WHAT TO WORK ON
Set down each line of the material that follows, exactly, with no pictures.

SOURCE DATA
◇ ◇ ◇ ◇ ◇ ◇ ◇
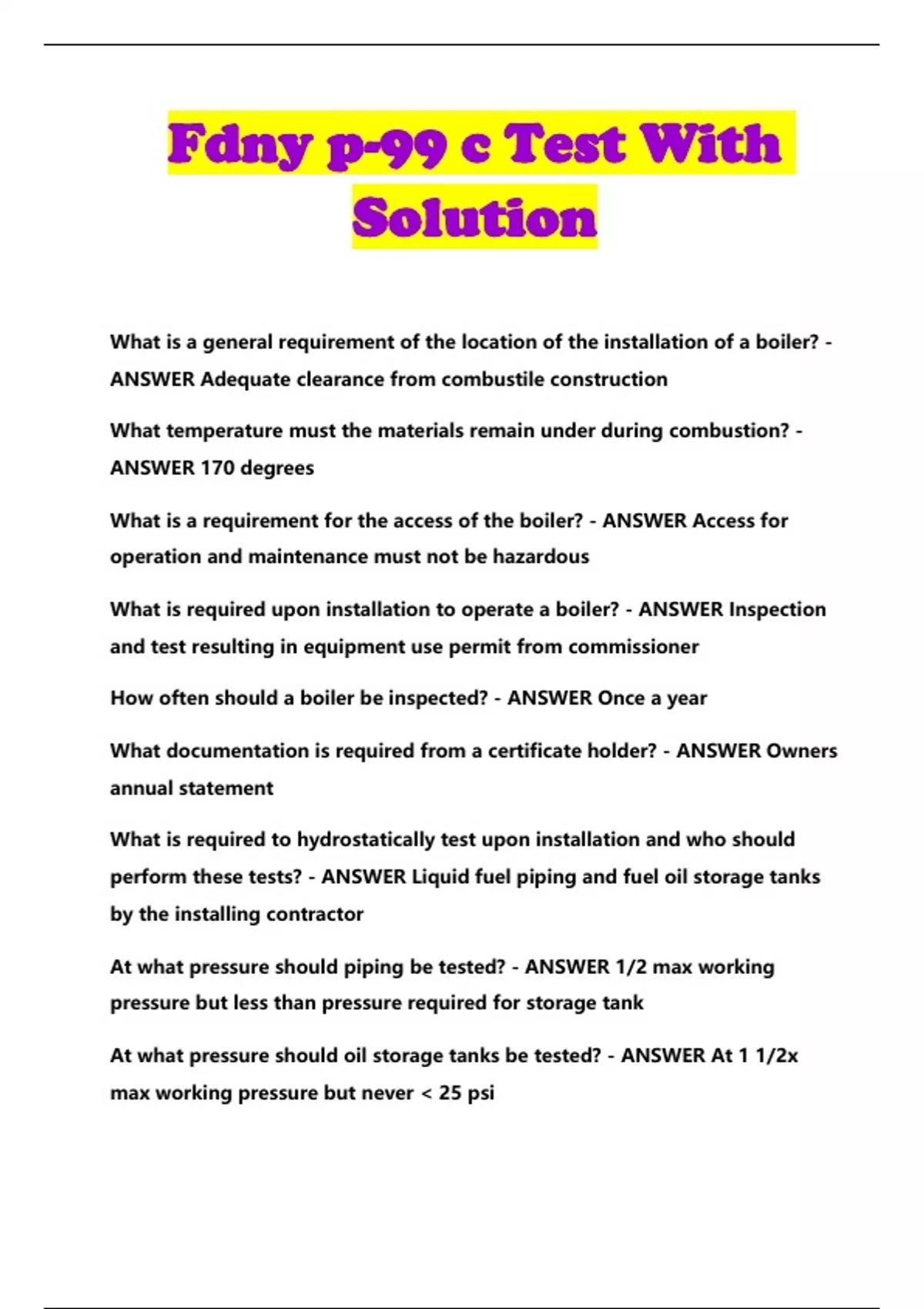 fdny p 99 c test with solution
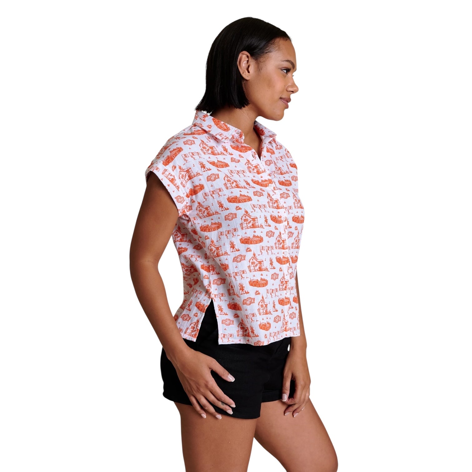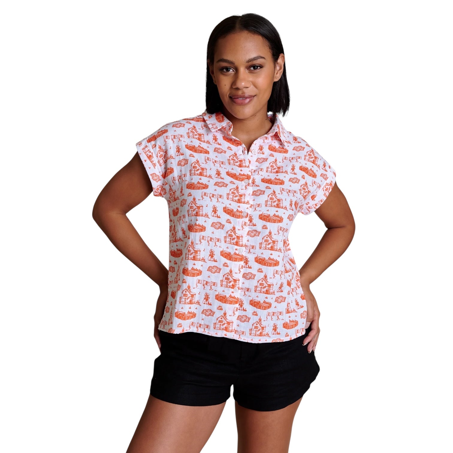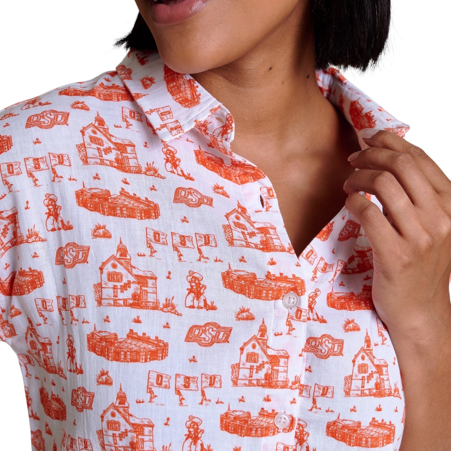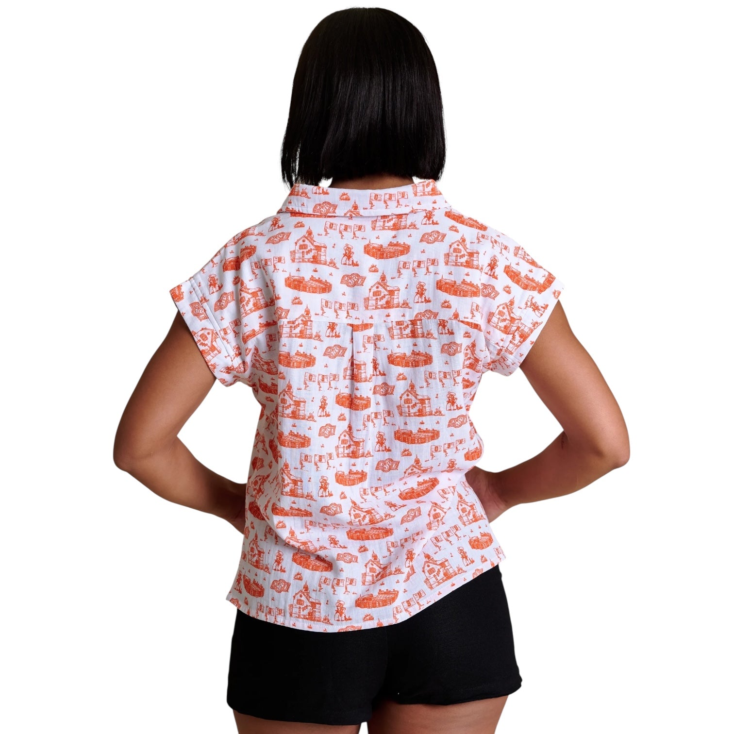 This lightweight cotton gauze button-up is anything but basic. Featuring our signature Team Toile print — complete with campus icons, mascots, and hometown highlights — it’s a collector’s piece disguised as an everyday essential. The cap sleeves with rolled cuffs and side slits keep the fit breezy and cool from kickoff to post-game.
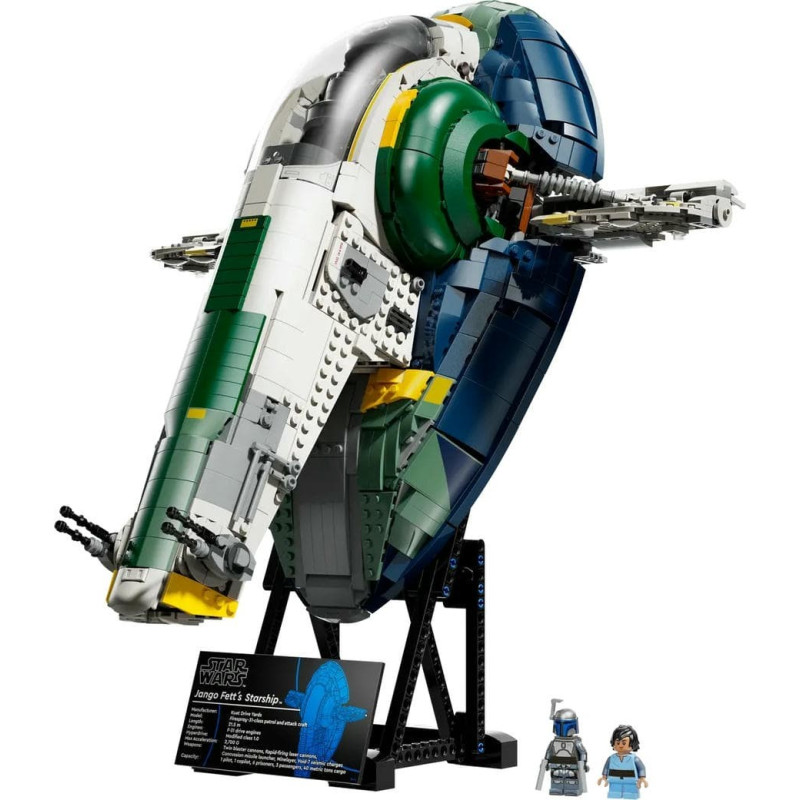 Pociťte napětí ze scén lovu odměn z filmu Star Wars: Klony útočí při stavění modelu LEGO® Star Wars™ (75409) Jango Fett a jeho vesmírná loď třídy Firespray z řady Ultimate Collector Series. Tento úchvatný dárek pro kreativní dospělé fanoušky Star Wars a sběratele modelů UCS představuje stavitelskou výzvu plnou autentických detailů této ikonické vesmírné lodi. Stavebnice měří přes 44 cm na délku a pyšní se propracovaným kokpitem s odnímatelnou částí pro minifigurky LEGO Janga Fetta a mladého Boby Fetta, hlavním vchodem, který lze stlačit, přihrádkou se seismickou náloží a nastavitelnými blasterovými kanóny. Vystavte si model Star Wars v režimu přistávání nebo ve vzpřímeném režimu na sestavitelném stojanu a sledujte, jak její křídla zůstanou ve vodorovné poloze, když loď nakloníte.
◇ ◇ ◇ ◇ ◇ ◇ ◇
EXERCISE ANSWER
 fdny p 99 c test with solution
 This lightweight cotton gauze button-up is anything but basic. Featuring our signature Team Toile print — complete with campus icons, mascots, and hometown highlights — it’s a collector’s piece disguised as an everyday essential. The cap sleeves with rolled cuffs and side slits keep the fit breezy and cool from kickoff to post-game.
 Pociťte napětí ze scén lovu odměn z filmu Star Wars: Klony útočí při stavění modelu LEGO® Star Wars™ (75409) Jango Fett a jeho vesmírná loď třídy Firespray z řady Ultimate Collector Series. Tento úchvatný dárek pro kreativní dospělé fanoušky Star Wars a sběratele modelů UCS představuje stavitelskou výzvu plnou autentických detailů této ikonické vesmírné lodi. Stavebnice měří přes 44 cm na délku a pyšní se propracovaným kokpitem s odnímatelnou částí pro minifigurky LEGO Janga Fetta a mladého Boby Fetta, hlavním vchodem, který lze stlačit, přihrádkou se seismickou náloží a nastavitelnými blasterovými kanóny. Vystavte si model Star Wars v režimu přistávání nebo ve vzpřímeném režimu na sestavitelném stojanu a sledujte, jak její křídla zůstanou ve vodorovné poloze, když loď nakloníte.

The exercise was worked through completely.